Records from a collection
%%

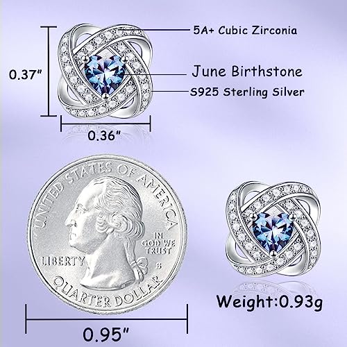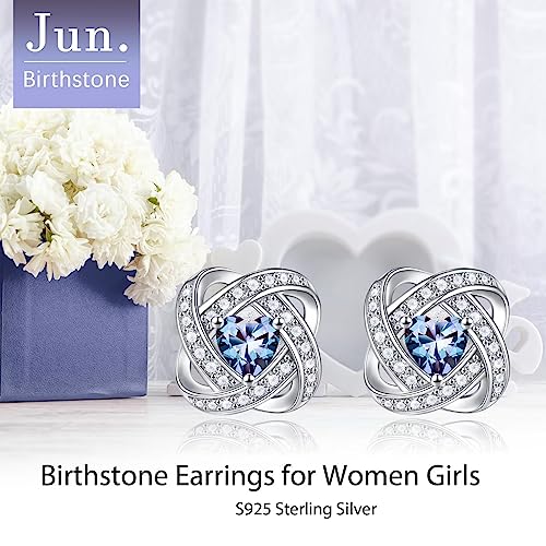 Iefil Love Knot Birthstone Earrings for Women, S925 Sterling Silver Earrings Anniversary Valentines Day Gifts for Her Mothers Day Birthday Gifts for Women Wife Mom
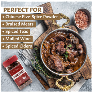 Aromatic Star Anise Whole : Our premium-grade whole star anise delivers a rich, licorice-like aroma and distinct sweetness that enhances soups, sauces, baked goods, teas, and warm beverages. Each star anise pod is hand-selected to preserve its natural shape and aromatic oils. Perfect for star anise tea, pho broth, syrups, or holiday recipes. This all-natural, non-GMO, and versatile spice originates from China and Vietnam and is packed in resealable packaging to protect freshness and prevent brea
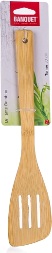 La spatule BRILLANTE BAMBOO en bois de bambou de qualité est un excellent choix pour la préparation de divers plats à la poêle comme à la casserole. Le bambou naturel est léger, solide et respectueux des surfaces, il ne raye donc pas les ustensiles en téflon ni en céramique.
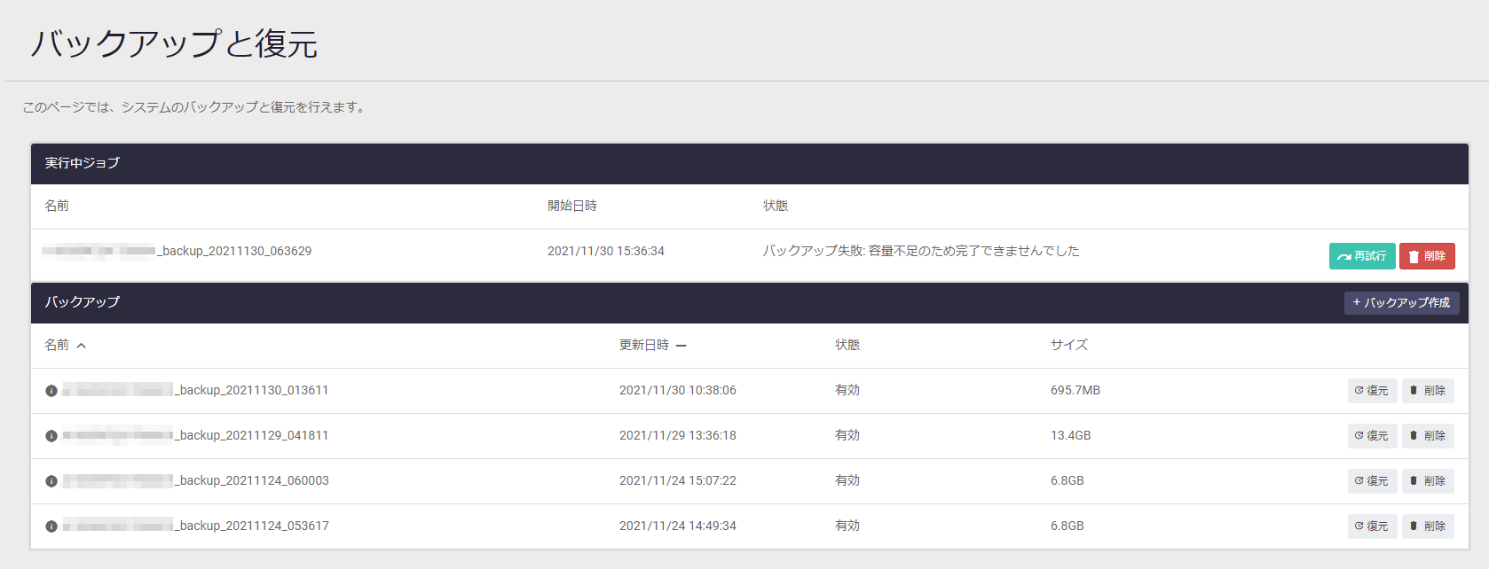 | ストレージの推定必要容量 | 復元する際に必要な、「システム」 > 「コンテナサービス」画面における「コンピュートノード」の「ストレージ」の空き容量です |
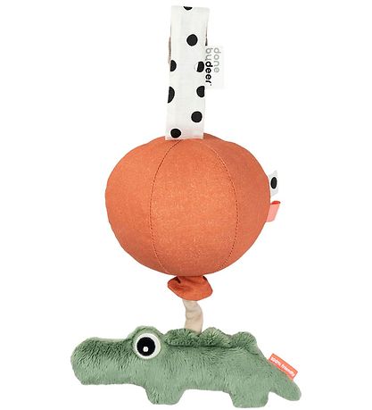Belle mobile musical Done by Deer avec une grand balle orange avec un crocodile vert.
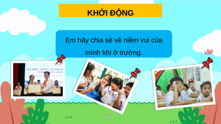 Em hãy chia sẻ về niềm vui của mình khi ở trường. Quan sát tranh và dự đoán nội dung bài học BÀI 3: NGÀY EM VÀO ĐỘI
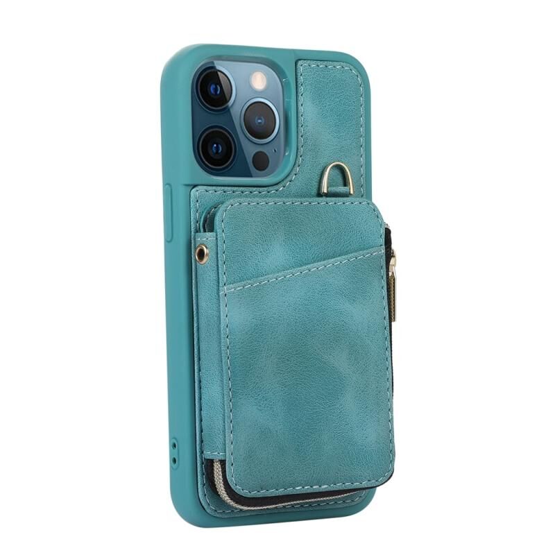 For iPhone 12 Pro Zipper Card Bag Back Cover Phone Case(Turquoise)
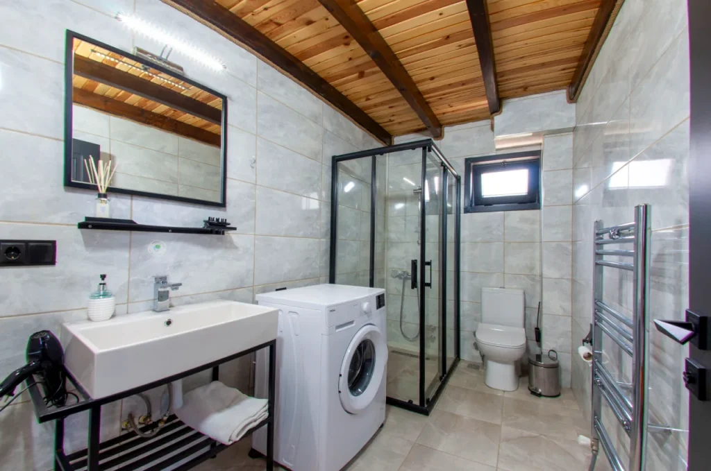 Villanın mutfağı tamamen donanımlıdır. Uzun süreli konaklamalar ya da ev konforunda yemek hazırlamak isteyenler için ihtiyaç duyabileceğiniz tüm eşyalar mevcuttur: bulaşık makinesi, çamaşır makinesi, buzdolabı, kahve makinesi, ocak, kettle gibi temel donanımlar eksiksiz şekilde yer almaktadır. Ücretsiz Wi-Fi hizmeti sayesinde hem tatil hem de dijital bağlantınız aksamadan devam eder.

%%

◆ **ACTIVITY**:
The records above are to be duplicated exactly, pictures left out.

◆ **SOLUTION TO THE PROBLEM**:
 Iefil Love Knot Birthstone Earrings for Women, S925 Sterling Silver Earrings Anniversary Valentines Day Gifts for Her Mothers Day Birthday Gifts for Women Wife Mom
 Aromatic Star Anise Whole : Our premium-grade whole star anise delivers a rich, licorice-like aroma and distinct sweetness that enhances soups, sauces, baked goods, teas, and warm beverages. Each star anise pod is hand-selected to preserve its natural shape and aromatic oils. Perfect for star anise tea, pho broth, syrups, or holiday recipes. This all-natural, non-GMO, and versatile spice originates from China and Vietnam and is packed in resealable packaging to protect freshness and prevent brea
 La spatule BRILLANTE BAMBOO en bois de bambou de qualité est un excellent choix pour la préparation de divers plats à la poêle comme à la casserole. Le bambou naturel est léger, solide et respectueux des surfaces, il ne raye donc pas les ustensiles en téflon ni en céramique.
 | ストレージの推定必要容量 | 復元する際に必要な、「システム」 > 「コンテナサービス」画面における「コンピュートノード」の「ストレージ」の空き容量です |
Belle mobile musical Done by Deer avec une grand balle orange avec un crocodile vert.
 Em hãy chia sẻ về niềm vui của mình khi ở trường. Quan sát tranh và dự đoán nội dung bài học BÀI 3: NGÀY EM VÀO ĐỘI
 For iPhone 12 Pro Zipper Card Bag Back Cover Phone Case(Turquoise)
 Villanın mutfağı tamamen donanımlıdır. Uzun süreli konaklamalar ya da ev konforunda yemek hazırlamak isteyenler için ihtiyaç duyabileceğiniz tüm eşyalar mevcuttur: bulaşık makinesi, çamaşır makinesi, buzdolabı, kahve makinesi, ocak, kettle gibi temel donanımlar eksiksiz şekilde yer almaktadır. Ücretsiz Wi-Fi hizmeti sayesinde hem tatil hem de dijital bağlantınız aksamadan devam eder.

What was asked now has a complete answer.